Obesity Can Add Five Weeks of Asthma Symptoms Per Year in Preschoolers

 

Inhalers work for all preschoolers, but less beneficial for those who stay heavy as they age

Asthma affects almost 1 in 10 children in the U.S. and is a leading cause of emergency room visits and hospitalizations in preschoolers. According to new research from Duke Health and collaborators, symptoms may be worse for children ages 2 to 5 who are overweight.

In a study publishing Dec. 19 in the Journal of Clinical Immunology, preschoolers with a body mass index (BMI) beyond the 84th percentile who weren’t using an inhaler had 70 percent more days with asthma symptoms per year than untreated peers of a healthy weight.

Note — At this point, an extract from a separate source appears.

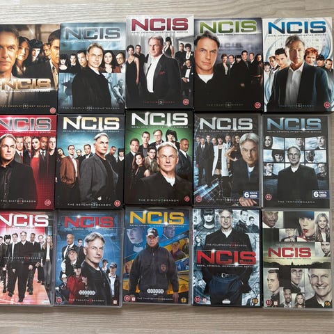 NCIS DVD sæt indeholdende sæson 1 til 9. Hver sæson leveres i standard DVD-format med flere diske pr. sæson. Sættet indeholder samlede episoder fra de første ni sæsoner af NCIS serien. DVD'erne er pakket i originale covere og bokse.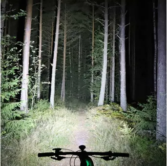 Både närzon, sidozoner och huvudzon blir kraftigt upplysta med en jämn fin ljusbild. Om du inte cyklar så snabbt räcker denna gott och väl! En lampa som absolut fungerar för nattcykling ute i terrängen! Visst, det finns absolut starkare lampor – men du kommer definitivt inte att sakna ljus i skogen med den här.

Compared to healthy-weight peers, asthma sufferers who were untreated and overweight suffered 37 more symptom-days -- more than five extra weeks -- per year. Researchers also found untreated children who were overweight had more asthma attacks than untreated peers of a healthy weight.

There is good news: obesity doesn’t seem to lessen the effectiveness of corticosteroid inhalers, the standard treatment to ease asthma symptoms such as shortness of breath, coughing and chest pain, said Jason Lang, M.D., a pediatric lung specialist and director of the Duke Children’s Pulmonary Function Laboratory, who led the study.

When used daily, inhalers reduced the number of symptom-days and asthma attacks in both healthy and overweight children, and may even be more protective to overweight children, the authors found.

“The impact of overweight and obesity on asthma has not been studied in the youngest asthma patients, and this finding is the opposite of what has been seen in older kids and adults who are overweight,” Lang said. “Reports in older children and adults with asthma who are overweight have shown a poor response to inhaled corticosteroids to manage their asthma. This study suggests either pathways of inflammation are a bit different in preschool-aged patients, or that it takes years for obesity to reduce the effectiveness of steroid inhalers.”  Head shot of Jason Lang, shown in white coat.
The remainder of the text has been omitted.